Résultats des modèles climatiques simples

En raison du coût des calculs, les simulations MCGAO ne peuvent être effectuées que pour un nombre limité de scénarios. Toutefois, un modèle simple peut être étalonné pour rendre compte des réponses des MCGAO moyennées à l’échelle du globe, puis appliqué à un nombre beaucoup plus grand de scénarios.

D’après les projections, la température moyenne mondiale de surface devrait augmenter de 1,4 à 5,8 °C (figure TS 22a)) durant la période 1990-2100. Ces résultats se rapportent à l’ensemble des 35 scénarios SRES et sont fondés sur un certain nombre de modèles climatiques.6, 7 Cette élévation de la température devrait être supérieure à celle qui figure dans le deuxième Rapport d’évaluation (environ 1,0 à 3,5 °C sur la base de six scénarios IS92). Ces projections faisant état de températures plus élevées et d’une plus large amplitude sont dues principalement au fait que les scénarios SRES prévoient de plus faibles émissions de SO2 que les scénarios IS92. Le taux de réchauffement projeté est bien supérieur à celui observé au XXe siècle, et il est très vraisemblable qu’il soit sans précédent depuis 10000 ans au moins, à en juger par les données paléoclimatiques.

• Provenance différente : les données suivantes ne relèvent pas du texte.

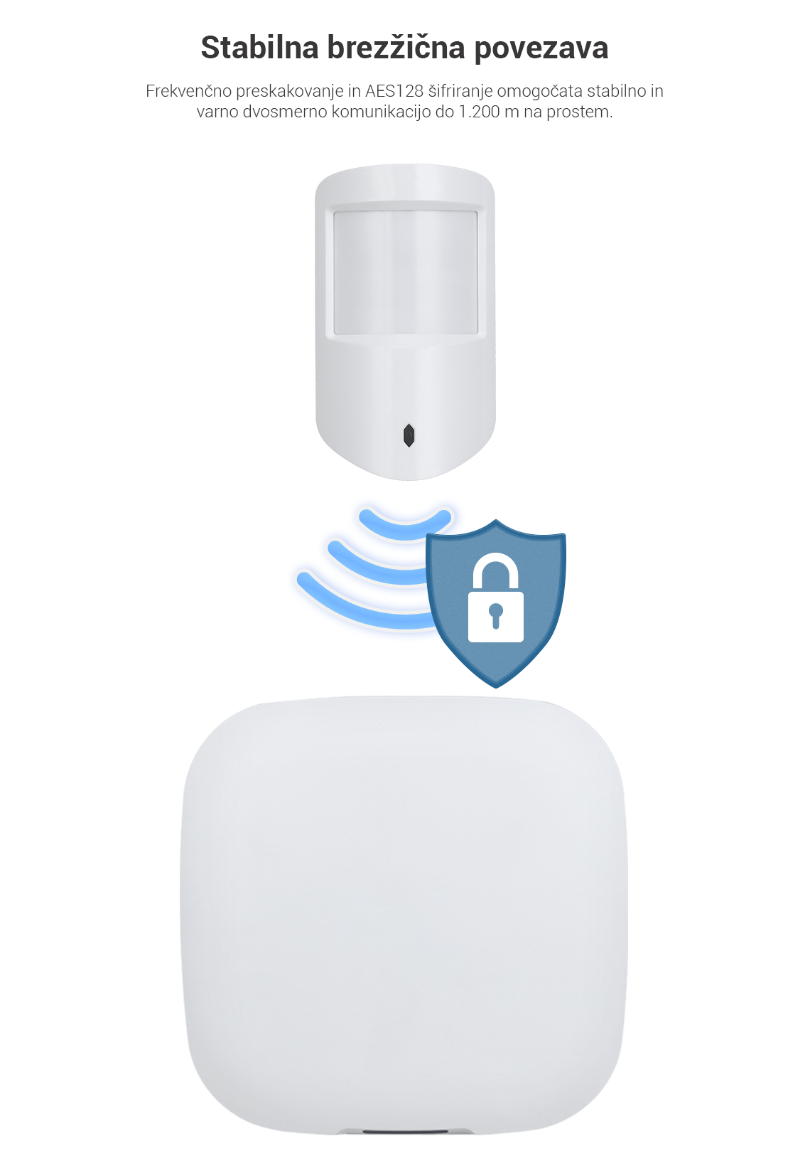 > Funkcija frekvenčno preskakovanje in dvosmerna komunikacijska tehnologija zagotavljata stabilnost komunikacije.
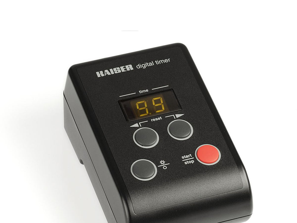 The Kaiser Digital Timer is a sophisticated electronic device designed for precision lighting control. Featuring a two-digit amber-colored digital display, this timer allows users to easily keep track of time intervals during photography sessions or other lighting setups.
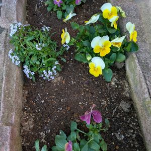 やっと昨日お花の植え替えをしました😊 ①玄関前のビオラとアリッサム ②ブルーサルビア・マリ-ゴル-ド・ケイトウ 姫ヒオウギも🌱がたくさん顔を… 秋から頑張って咲いてます🥰 ③ビオラとパンジー 下のはリビングから見えるお花 ④主役はガ−デンシクラメンで両サイドは ビオラ💞 ⑤ラベンダー🪻・ガザニア・ドウダンツツジが真っ赤に紅葉🍁・ポツリポツリとなぜか(・・;雪柳のお花が咲いてます 🧚♀️
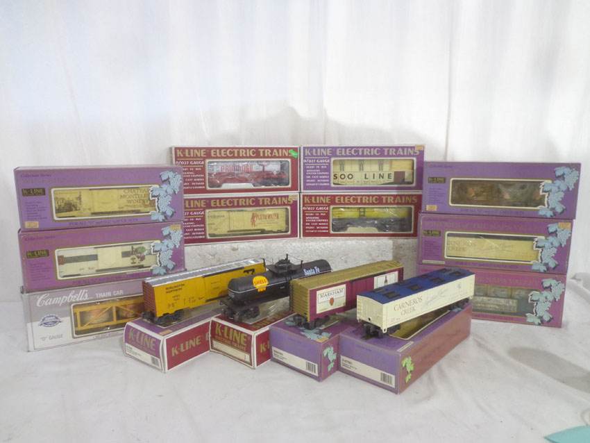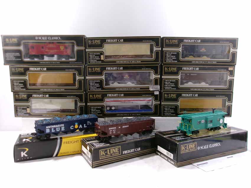 | Lot 33 | 12 Assorted K-Line Freight Cars and Cabooses/OBs |

Le classement des scénarios SRES en fonction de la température moyenne mondiale varie dans le temps. En particulier, pour les scénarios qui prévoient un usage intensif de combustibles fossiles (et par conséquent de fortes émissions de dioxyde de carbone, comme le scénario A2), les émissions de SO2 sont également plus élevées. A court terme (jusque vers 2050), l’effet de refroidissement des fortes émissions de dioxyde de soufre atténue notablement le réchauffement causé par les émissions accrues de gaz à effet de serre propres à des scénarios tels que le scénario A2. On constate l’effet inverse dans le cas des scénarios B1 et B2, qui prévoient de plus faibles émissions dues à la combustion de combustibles fossiles ainsi que de plus faibles émissions de SO2 et qui débouchent sur un réchauffement plus prononcé à court terme. En revanche, à plus long terme, le niveau des émissions de gaz à effet de serre à longue durée de vie, tels que CO2 et N2O, devient le facteur déterminant des changements climatiques.

D’ici à 2100, les différences des émissions prévues par les scénarios SRES et la disparité des réactions des modèles climatiques engendrent la même incertitude quant à l’ampleur de la variation de la température à l’échelle du globe. D’autres incertitudes découlent des incertitudes propres au forçage radiatif. La plus grande incertitude en matière de forçage a rapport aux aérosols sulfatés.